# Task prompt
Exercise in exact copying: restate word for word only the lines below from the one containing "[Aaronlive] tシャツ メンズ" through the one containing "В конкурсе приняло", omitting any pictures.

# Data records
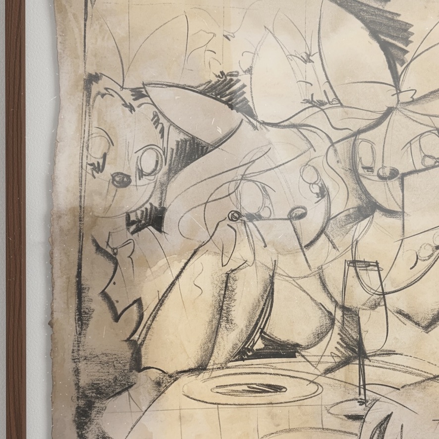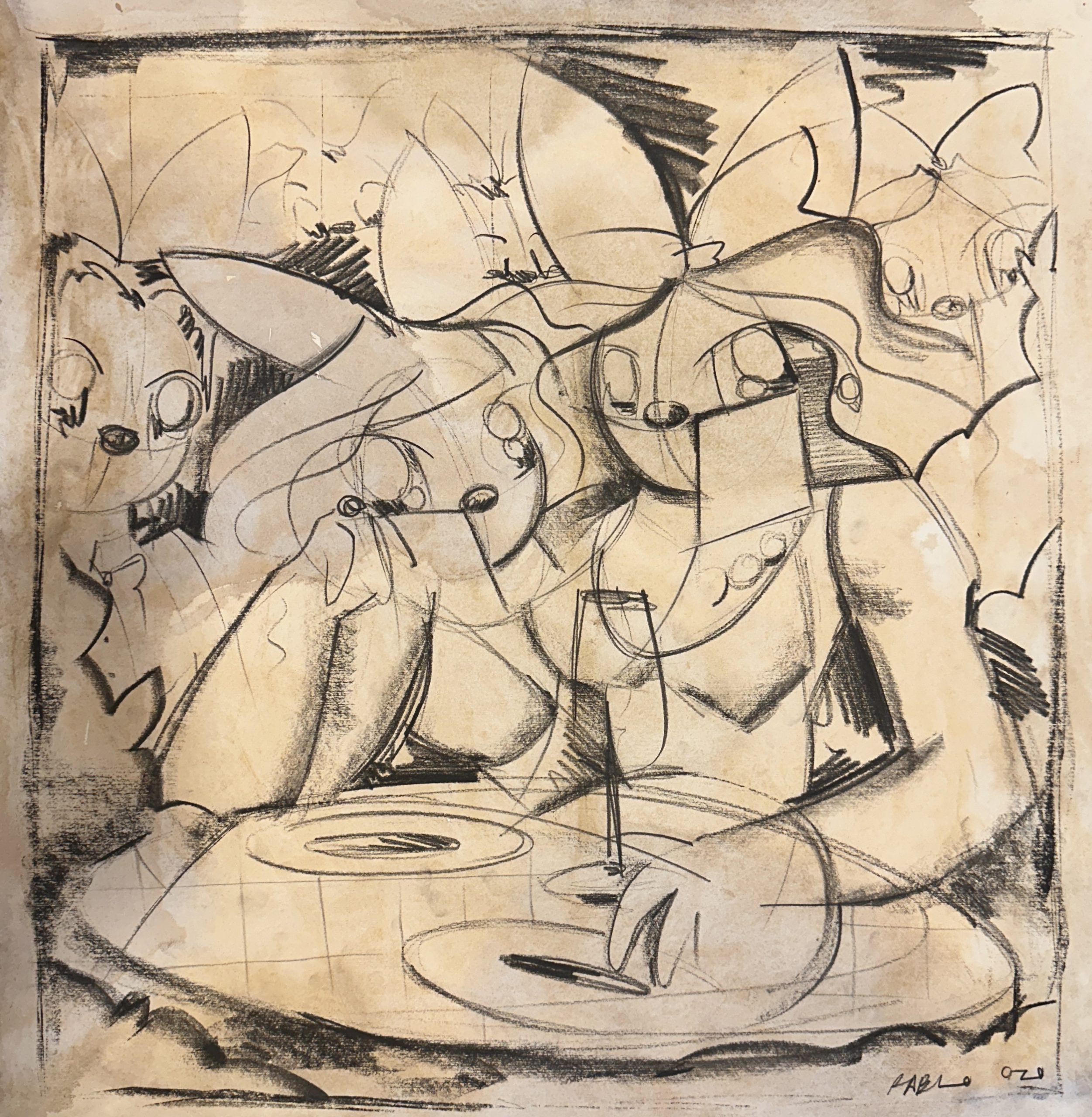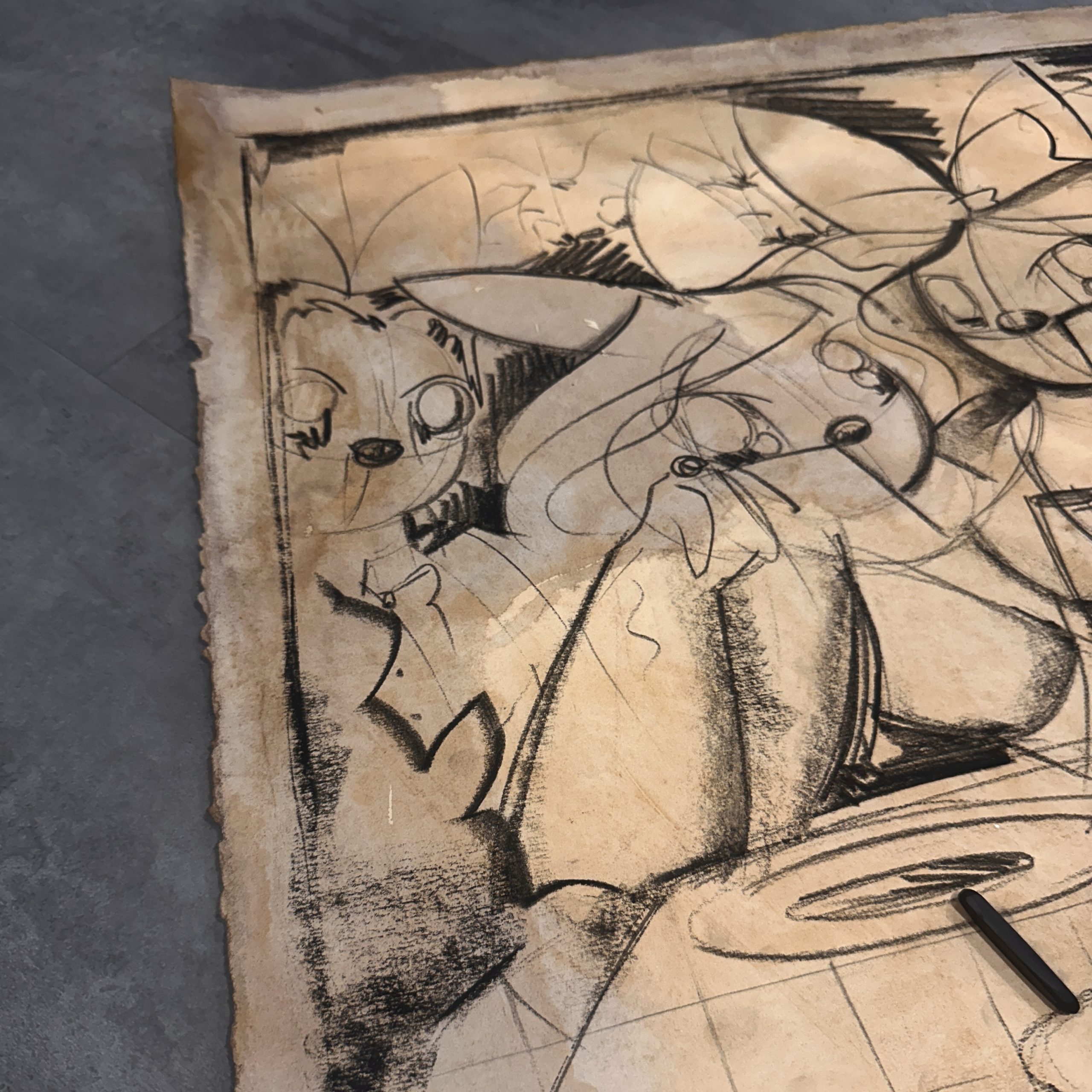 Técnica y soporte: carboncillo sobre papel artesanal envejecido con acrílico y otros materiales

--

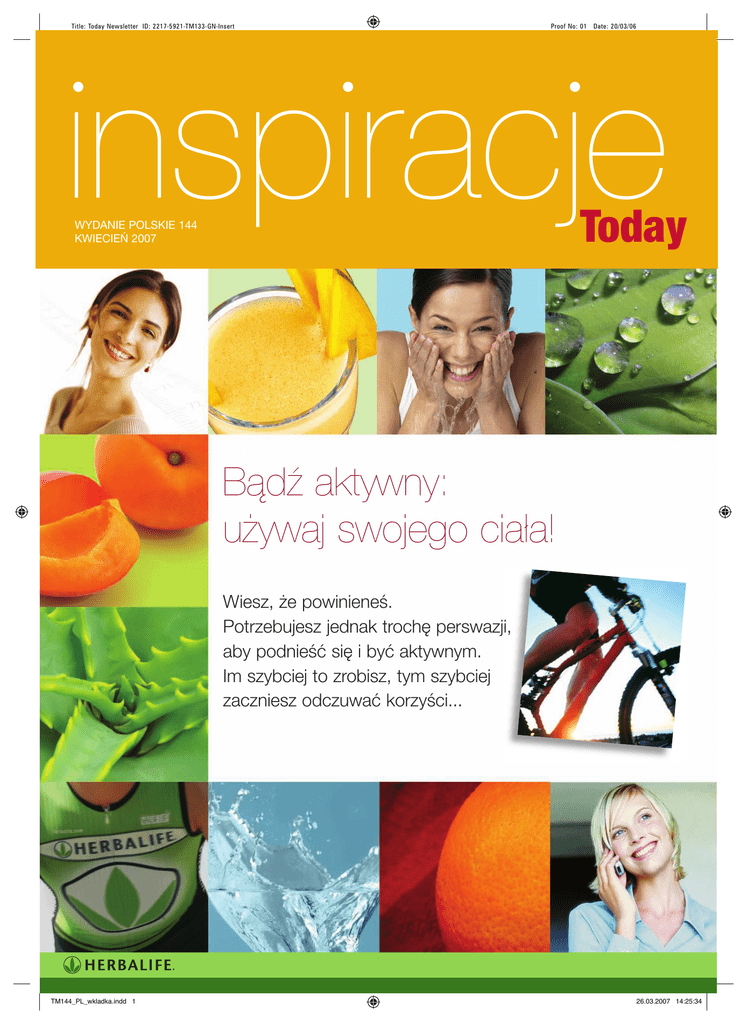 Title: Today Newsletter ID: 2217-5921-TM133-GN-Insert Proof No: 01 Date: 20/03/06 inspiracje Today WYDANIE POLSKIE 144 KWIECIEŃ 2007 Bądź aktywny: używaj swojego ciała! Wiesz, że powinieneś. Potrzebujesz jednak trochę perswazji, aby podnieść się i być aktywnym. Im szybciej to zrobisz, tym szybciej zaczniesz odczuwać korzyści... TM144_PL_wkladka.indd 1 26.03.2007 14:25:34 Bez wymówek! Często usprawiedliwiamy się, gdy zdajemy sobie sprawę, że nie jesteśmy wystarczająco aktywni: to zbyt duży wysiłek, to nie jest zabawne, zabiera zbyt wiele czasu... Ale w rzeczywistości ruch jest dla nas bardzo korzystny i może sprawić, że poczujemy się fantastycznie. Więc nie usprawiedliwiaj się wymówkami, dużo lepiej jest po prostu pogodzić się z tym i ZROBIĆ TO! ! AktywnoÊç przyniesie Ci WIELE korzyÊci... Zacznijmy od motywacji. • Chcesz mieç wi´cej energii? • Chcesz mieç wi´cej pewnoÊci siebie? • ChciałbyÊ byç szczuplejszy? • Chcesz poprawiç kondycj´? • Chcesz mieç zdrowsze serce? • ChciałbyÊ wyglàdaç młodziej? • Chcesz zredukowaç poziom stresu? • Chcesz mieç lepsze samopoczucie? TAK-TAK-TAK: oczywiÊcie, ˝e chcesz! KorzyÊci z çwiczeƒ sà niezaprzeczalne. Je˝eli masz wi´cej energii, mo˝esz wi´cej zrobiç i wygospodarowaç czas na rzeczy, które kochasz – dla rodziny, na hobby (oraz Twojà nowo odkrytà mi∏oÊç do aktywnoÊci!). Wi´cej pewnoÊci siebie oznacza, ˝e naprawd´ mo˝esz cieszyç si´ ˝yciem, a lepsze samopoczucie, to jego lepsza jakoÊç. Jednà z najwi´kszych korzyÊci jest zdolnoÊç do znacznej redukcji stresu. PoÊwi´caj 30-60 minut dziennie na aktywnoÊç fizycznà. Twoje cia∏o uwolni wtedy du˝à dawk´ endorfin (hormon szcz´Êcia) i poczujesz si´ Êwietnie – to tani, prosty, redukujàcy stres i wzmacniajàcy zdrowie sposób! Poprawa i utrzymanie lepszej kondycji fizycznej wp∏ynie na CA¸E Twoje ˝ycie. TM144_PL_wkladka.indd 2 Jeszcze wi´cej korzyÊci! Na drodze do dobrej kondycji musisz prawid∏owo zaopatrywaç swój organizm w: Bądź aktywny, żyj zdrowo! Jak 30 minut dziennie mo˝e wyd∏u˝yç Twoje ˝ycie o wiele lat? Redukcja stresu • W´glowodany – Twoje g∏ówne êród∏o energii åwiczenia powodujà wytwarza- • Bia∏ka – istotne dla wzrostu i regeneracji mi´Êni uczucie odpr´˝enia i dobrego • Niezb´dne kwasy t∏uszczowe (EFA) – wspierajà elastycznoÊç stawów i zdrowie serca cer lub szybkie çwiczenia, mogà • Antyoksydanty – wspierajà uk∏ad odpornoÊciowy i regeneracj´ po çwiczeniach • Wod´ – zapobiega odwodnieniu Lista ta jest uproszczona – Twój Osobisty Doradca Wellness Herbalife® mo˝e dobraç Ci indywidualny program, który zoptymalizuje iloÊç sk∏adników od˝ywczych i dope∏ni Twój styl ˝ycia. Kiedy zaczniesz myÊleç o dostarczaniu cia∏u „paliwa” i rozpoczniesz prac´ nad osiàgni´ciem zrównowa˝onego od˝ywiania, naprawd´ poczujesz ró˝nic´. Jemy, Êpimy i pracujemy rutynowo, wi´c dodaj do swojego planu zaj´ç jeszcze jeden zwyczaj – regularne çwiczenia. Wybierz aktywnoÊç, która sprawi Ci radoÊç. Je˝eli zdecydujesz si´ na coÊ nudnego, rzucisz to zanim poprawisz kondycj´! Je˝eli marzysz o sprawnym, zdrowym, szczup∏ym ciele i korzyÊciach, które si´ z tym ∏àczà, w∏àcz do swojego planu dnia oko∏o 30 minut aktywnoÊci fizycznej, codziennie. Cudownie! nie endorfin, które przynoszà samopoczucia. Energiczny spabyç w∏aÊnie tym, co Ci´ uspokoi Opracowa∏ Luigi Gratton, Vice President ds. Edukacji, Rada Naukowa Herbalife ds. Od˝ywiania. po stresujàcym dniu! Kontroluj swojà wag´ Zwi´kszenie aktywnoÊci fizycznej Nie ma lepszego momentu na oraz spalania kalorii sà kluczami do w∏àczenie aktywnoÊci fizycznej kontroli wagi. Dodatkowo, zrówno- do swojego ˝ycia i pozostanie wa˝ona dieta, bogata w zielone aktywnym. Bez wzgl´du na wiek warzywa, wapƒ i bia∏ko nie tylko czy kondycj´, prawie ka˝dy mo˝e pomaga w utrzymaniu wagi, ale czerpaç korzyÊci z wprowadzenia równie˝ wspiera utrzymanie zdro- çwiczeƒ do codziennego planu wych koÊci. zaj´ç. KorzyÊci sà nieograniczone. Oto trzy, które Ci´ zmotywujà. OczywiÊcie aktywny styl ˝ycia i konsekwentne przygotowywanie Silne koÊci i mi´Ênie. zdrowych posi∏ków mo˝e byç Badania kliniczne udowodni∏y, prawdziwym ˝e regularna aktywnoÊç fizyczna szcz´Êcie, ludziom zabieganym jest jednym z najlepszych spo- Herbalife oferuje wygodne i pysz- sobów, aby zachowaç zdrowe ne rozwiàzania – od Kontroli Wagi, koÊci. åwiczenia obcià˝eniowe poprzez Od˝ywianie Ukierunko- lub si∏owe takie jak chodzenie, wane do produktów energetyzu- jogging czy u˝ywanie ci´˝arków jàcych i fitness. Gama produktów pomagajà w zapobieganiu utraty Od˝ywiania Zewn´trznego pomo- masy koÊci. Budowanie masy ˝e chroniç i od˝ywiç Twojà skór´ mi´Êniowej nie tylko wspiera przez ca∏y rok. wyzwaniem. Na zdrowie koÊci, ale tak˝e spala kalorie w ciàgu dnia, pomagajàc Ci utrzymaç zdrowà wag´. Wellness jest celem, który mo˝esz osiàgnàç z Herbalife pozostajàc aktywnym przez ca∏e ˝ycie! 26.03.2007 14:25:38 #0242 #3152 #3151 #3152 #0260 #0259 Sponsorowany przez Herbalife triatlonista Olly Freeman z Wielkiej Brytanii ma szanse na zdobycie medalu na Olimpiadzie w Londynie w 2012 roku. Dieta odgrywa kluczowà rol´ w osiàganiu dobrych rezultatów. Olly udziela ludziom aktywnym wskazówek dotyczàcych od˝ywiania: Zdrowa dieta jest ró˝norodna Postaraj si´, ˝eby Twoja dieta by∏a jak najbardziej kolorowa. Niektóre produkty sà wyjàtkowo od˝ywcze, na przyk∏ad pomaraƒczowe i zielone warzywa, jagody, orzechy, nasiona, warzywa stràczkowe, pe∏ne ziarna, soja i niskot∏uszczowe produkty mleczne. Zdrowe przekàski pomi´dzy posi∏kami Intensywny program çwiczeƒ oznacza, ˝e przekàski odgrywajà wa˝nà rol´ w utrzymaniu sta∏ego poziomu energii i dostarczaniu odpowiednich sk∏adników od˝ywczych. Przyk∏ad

...

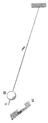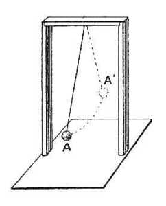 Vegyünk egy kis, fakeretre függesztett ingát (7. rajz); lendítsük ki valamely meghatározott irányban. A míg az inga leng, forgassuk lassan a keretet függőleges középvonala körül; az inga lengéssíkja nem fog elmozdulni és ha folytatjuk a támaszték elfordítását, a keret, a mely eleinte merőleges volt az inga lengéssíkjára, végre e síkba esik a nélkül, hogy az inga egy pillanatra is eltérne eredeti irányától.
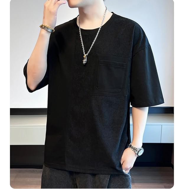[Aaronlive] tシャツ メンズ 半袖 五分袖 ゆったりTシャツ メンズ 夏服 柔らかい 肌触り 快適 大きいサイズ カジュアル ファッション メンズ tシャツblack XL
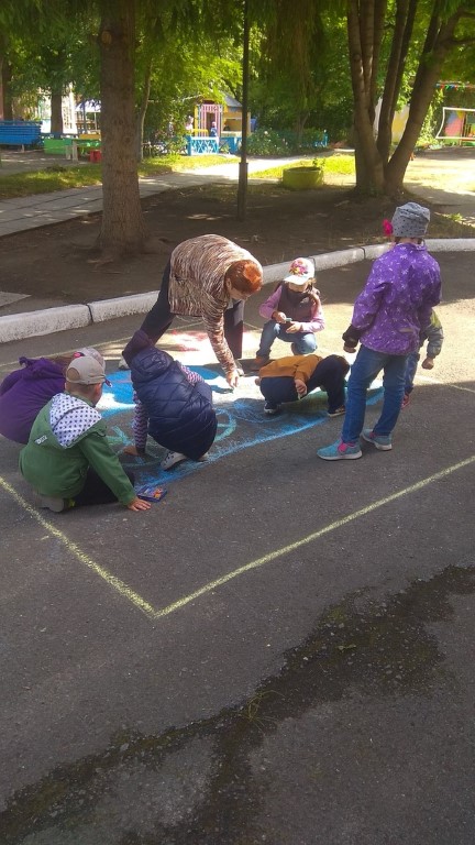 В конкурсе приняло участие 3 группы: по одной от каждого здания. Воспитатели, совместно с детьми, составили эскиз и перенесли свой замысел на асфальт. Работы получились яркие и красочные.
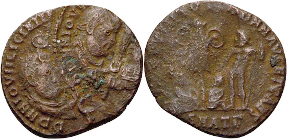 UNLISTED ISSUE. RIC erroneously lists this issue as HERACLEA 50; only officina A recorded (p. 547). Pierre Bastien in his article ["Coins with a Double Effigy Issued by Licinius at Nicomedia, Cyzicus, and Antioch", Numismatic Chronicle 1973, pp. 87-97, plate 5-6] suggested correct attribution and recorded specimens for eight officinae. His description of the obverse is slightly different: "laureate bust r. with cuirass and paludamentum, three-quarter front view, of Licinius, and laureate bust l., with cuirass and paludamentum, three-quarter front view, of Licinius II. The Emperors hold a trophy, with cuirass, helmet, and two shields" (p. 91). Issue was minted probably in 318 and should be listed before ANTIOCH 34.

# Final answer
[Aaronlive] tシャツ メンズ 半袖 五分袖 ゆったりTシャツ メンズ 夏服 柔らかい 肌触り 快適 大きいサイズ カジュアル ファッション メンズ tシャツblack XL
 В конкурсе приняло участие 3 группы: по одной от каждого здания. Воспитатели, совместно с детьми, составили эскиз и перенесли свой замысел на асфальт. Работы получились яркие и красочные.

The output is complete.